阮歸趣還是不放心,問道:“我和你們一道走不好麽?反正你到錢塘有辦法甩開他。”

“不行,要給溪娘送信。”元也想到藍田,又搖了搖頭,道,“不能說實話,不然她一定……這樣罷,師父,你和溪娘說,我與翊之去錢塘尋醫,讓她安心照顧崔姨母,同時想一想翊之的處境,一定要時時刻刻陪在崔姨母身邊,不到萬不得已,別讓崔姨母用藥,”

阮歸趣不禁皺起眉頭,奇道:“還要特地找借口拖住她,這到底是為了什麽?溪娘和藍家有仇?莫非……”

元也心一緊,警惕地看著阮歸趣。

阮歸趣推測道:“莫非溪娘的夫家真的與元清有關係?啊!我知道了!他是不是爭奪元家掌門人,然後失敗而逃,隱居山裏,如今元清擔心你回去奪位置,所以要斬草除根?”

元也忍不住要為阮歸趣瞬間腦補出的宅鬥大戲而喝彩,他點頭如搗蒜:“沒錯!就是這樣!”

阮歸趣笑了幾聲,猛然收住,冷著臉道:“你真當為師是傻子?”

元也一愣,不明白阮歸趣怎麽忽然就變了臉。

“我好歹在江湖上趟了多年的水,大名鼎鼎的姑蘇元氏,你覺得我會不知道?元氏兩姐妹與藍田的糾葛早已傳遍江湖,說書先生的話本都不知出了多少冊,元溪和元清的名字也為眾人所熟知,我早在去蘭渚山之前便聽說過此事!這些年裏,溪娘雖然從不說明自己的姓氏,可是有你在,她又擅長煉丹解毒,我又怎麽可能猜不出?隻是我實在沒想到,她念念不忘的人竟然……竟然仍舊是藍田!”說到此處,阮歸趣的聲音不自覺低了下去,難掩其苦悶。

“原來你早就知道!娘額冬菜!你也太能裝了!”元也驚愕不已,驚歎完了,卻見阮歸趣依舊低沉,元溪便搭上他的肩膀,勸道,“藍田這些年裏並未辜負溪娘,他的性格相貌又確實討人喜歡,不然當年也不會出那檔子事,對不對?而且感情這種事是不大講道理的,溪娘是個死心眼的人,對你無心不是因為你不好,而是因為那個……那個先來後到!總之,你也別太難過了,看看外麵的人罷,好不好?”

“可藍田不是良配。

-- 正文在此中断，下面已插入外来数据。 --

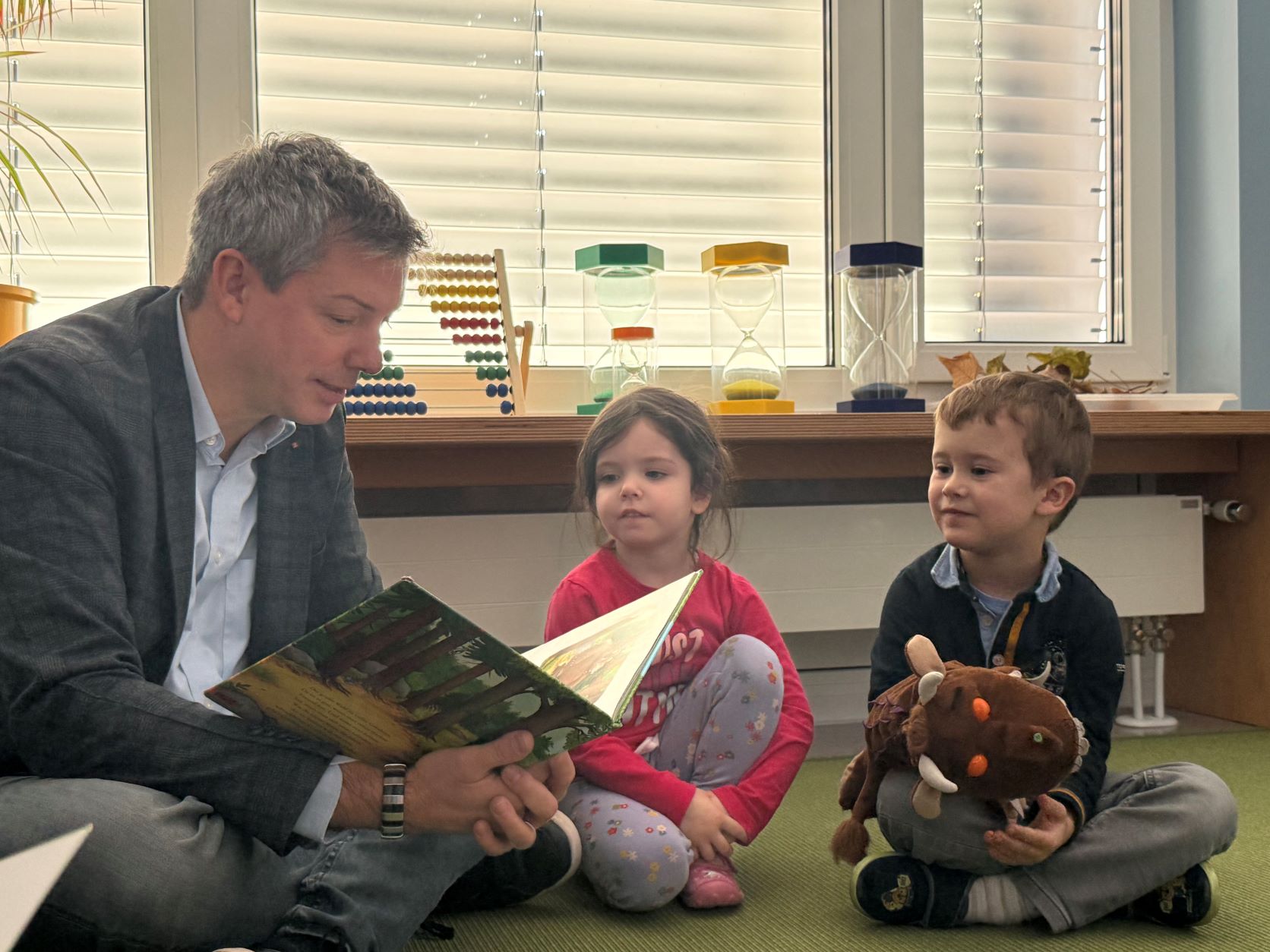 Für einen besonderen Moment sorgte anschließend Andreas Müller: Er trug den Kinderbuchklassiker „Der Grüffelo“ von Julia Donaldson nicht nur auf Hochdeutsch vor – sondern auch auf Schwäbisch. Die humorvolle Dialektversion brachte die Kinder zum Lachen und zeigte eindrucksvoll, wie vielfältig und lebendig Sprache sein kann. Ergänzt wurden die Lesungen durch Eltern, die diese Geschichten auf Arabisch und Englisch vortrugen und so den mehrsprachigen Ansatz des ElKiZ unterstrichen.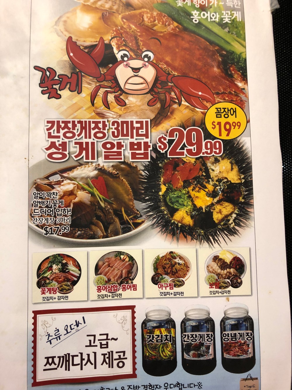 Yangnyeom Gejang (spicy marinated raw crab). Spicier than Ganjang Gejang. It was sweet and flavorful but I couldn’t taste as much crab flavor as Ganjang Gejang.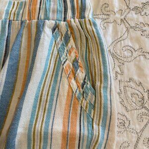 Briggs Women's Linen Blend Pull-On Shorts with Pockets Size Medium Blue Stripe.

”阮歸趣悶悶道,“他太軟弱,當年若換做是我,根本不會發生這種事。”

元也附和道:“就是,我也覺得他比不上師父!差太遠了!”

阮歸趣抬起頭,幽怨地看了元也一眼,道:“怪道你堅持孤身去鹿峴莊,原來早與藍田暗通款曲。”

“倒也不至於這麽說嘛,我不是有意隱瞞,實在是涉及到溪娘,我不敢瞎說,就像你之前一直裝作不知,不也是一樣麽?”元也晃了晃阮歸趣,哄道,“既然你知道了前因,這下總同意先回去了罷?”

阮歸趣沉默了片刻,問道:“你肯定自己能行?”

“男人絕不能說自己不行。”元也衝自己豎起了大拇指。